## PROBLEM DETAILS
Copy out every line of the material below, character for character, apart from the pictures.

## INFORMATION SUPPLIED
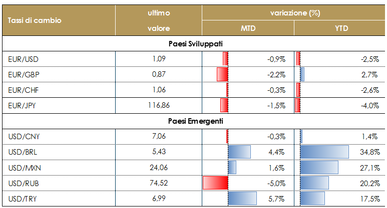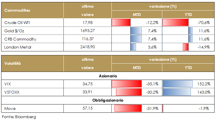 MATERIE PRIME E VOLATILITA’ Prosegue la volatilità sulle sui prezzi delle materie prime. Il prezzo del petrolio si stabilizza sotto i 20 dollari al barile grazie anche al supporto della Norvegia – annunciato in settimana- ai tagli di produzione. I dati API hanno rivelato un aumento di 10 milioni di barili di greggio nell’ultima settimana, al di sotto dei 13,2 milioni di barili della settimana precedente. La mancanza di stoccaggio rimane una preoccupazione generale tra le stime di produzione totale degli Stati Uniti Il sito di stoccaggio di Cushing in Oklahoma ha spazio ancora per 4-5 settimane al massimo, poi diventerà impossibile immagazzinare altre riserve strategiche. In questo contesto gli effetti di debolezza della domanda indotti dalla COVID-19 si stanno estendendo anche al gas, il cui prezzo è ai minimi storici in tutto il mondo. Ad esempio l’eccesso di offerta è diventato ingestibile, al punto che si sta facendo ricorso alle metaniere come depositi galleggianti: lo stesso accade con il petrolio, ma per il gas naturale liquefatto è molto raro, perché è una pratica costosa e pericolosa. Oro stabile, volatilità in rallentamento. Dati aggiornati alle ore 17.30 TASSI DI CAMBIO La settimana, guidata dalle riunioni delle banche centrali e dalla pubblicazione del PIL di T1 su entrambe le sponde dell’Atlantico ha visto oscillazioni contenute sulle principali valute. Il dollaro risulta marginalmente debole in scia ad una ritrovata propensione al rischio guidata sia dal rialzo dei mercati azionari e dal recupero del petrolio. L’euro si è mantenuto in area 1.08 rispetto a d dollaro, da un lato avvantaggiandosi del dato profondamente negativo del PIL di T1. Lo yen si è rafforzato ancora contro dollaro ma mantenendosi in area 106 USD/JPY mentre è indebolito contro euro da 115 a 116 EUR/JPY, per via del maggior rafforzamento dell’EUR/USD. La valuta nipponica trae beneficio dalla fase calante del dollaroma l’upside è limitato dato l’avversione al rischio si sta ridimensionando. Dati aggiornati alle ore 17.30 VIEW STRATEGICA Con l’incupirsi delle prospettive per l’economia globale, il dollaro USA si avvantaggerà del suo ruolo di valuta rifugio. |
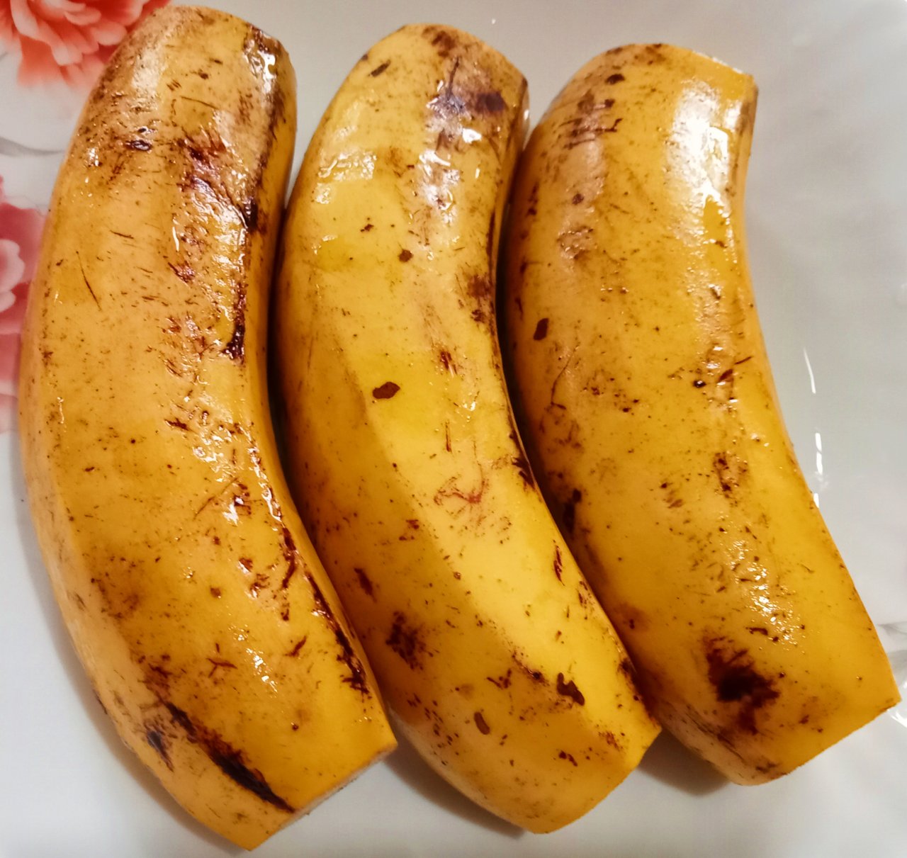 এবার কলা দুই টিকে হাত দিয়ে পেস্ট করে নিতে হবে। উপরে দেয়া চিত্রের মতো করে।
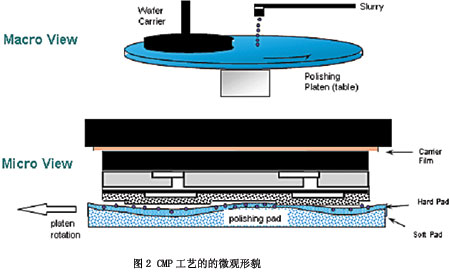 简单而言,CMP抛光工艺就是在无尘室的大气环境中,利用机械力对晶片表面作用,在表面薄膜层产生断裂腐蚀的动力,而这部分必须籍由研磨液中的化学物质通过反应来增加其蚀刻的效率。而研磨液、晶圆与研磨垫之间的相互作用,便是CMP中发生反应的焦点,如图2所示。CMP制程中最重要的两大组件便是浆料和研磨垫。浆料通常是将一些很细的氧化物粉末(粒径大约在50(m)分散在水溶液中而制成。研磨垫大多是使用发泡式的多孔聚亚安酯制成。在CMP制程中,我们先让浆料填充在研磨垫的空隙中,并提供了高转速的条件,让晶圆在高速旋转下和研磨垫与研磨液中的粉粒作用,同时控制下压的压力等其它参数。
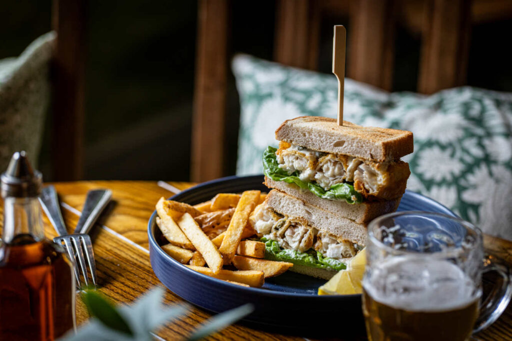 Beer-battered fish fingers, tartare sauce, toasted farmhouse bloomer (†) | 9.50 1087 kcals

## RESULT FOR THIS EXERCISE
 MATERIE PRIME E VOLATILITA’ Prosegue la volatilità sulle sui prezzi delle materie prime. Il prezzo del petrolio si stabilizza sotto i 20 dollari al barile grazie anche al supporto della Norvegia – annunciato in settimana- ai tagli di produzione. I dati API hanno rivelato un aumento di 10 milioni di barili di greggio nell’ultima settimana, al di sotto dei 13,2 milioni di barili della settimana precedente. La mancanza di stoccaggio rimane una preoccupazione generale tra le stime di produzione totale degli Stati Uniti Il sito di stoccaggio di Cushing in Oklahoma ha spazio ancora per 4-5 settimane al massimo, poi diventerà impossibile immagazzinare altre riserve strategiche. In questo contesto gli effetti di debolezza della domanda indotti dalla COVID-19 si stanno estendendo anche al gas, il cui prezzo è ai minimi storici in tutto il mondo. Ad esempio l’eccesso di offerta è diventato ingestibile, al punto che si sta facendo ricorso alle metaniere come depositi galleggianti: lo stesso accade con il petrolio, ma per il gas naturale liquefatto è molto raro, perché è una pratica costosa e pericolosa. Oro stabile, volatilità in rallentamento. Dati aggiornati alle ore 17.30 TASSI DI CAMBIO La settimana, guidata dalle riunioni delle banche centrali e dalla pubblicazione del PIL di T1 su entrambe le sponde dell’Atlantico ha visto oscillazioni contenute sulle principali valute. Il dollaro risulta marginalmente debole in scia ad una ritrovata propensione al rischio guidata sia dal rialzo dei mercati azionari e dal recupero del petrolio. L’euro si è mantenuto in area 1.08 rispetto a d dollaro, da un lato avvantaggiandosi del dato profondamente negativo del PIL di T1. Lo yen si è rafforzato ancora contro dollaro ma mantenendosi in area 106 USD/JPY mentre è indebolito contro euro da 115 a 116 EUR/JPY, per via del maggior rafforzamento dell’EUR/USD. La valuta nipponica trae beneficio dalla fase calante del dollaroma l’upside è limitato dato l’avversione al rischio si sta ridimensionando. Dati aggiornati alle ore 17.30 VIEW STRATEGICA Con l’incupirsi delle prospettive per l’economia globale, il dollaro USA si avvantaggerà del suo ruolo di valuta rifugio. |
 এবার কলা দুই টিকে হাত দিয়ে পেস্ট করে নিতে হবে। উপরে দেয়া চিত্রের মতো করে।
 简单而言,CMP抛光工艺就是在无尘室的大气环境中,利用机械力对晶片表面作用,在表面薄膜层产生断裂腐蚀的动力,而这部分必须籍由研磨液中的化学物质通过反应来增加其蚀刻的效率。而研磨液、晶圆与研磨垫之间的相互作用,便是CMP中发生反应的焦点,如图2所示。CMP制程中最重要的两大组件便是浆料和研磨垫。浆料通常是将一些很细的氧化物粉末(粒径大约在50(m)分散在水溶液中而制成。研磨垫大多是使用发泡式的多孔聚亚安酯制成。在CMP制程中,我们先让浆料填充在研磨垫的空隙中,并提供了高转速的条件,让晶圆在高速旋转下和研磨垫与研磨液中的粉粒作用,同时控制下压的压力等其它参数。
 Beer-battered fish fingers, tartare sauce, toasted farmhouse bloomer (†) | 9.50 1087 kcals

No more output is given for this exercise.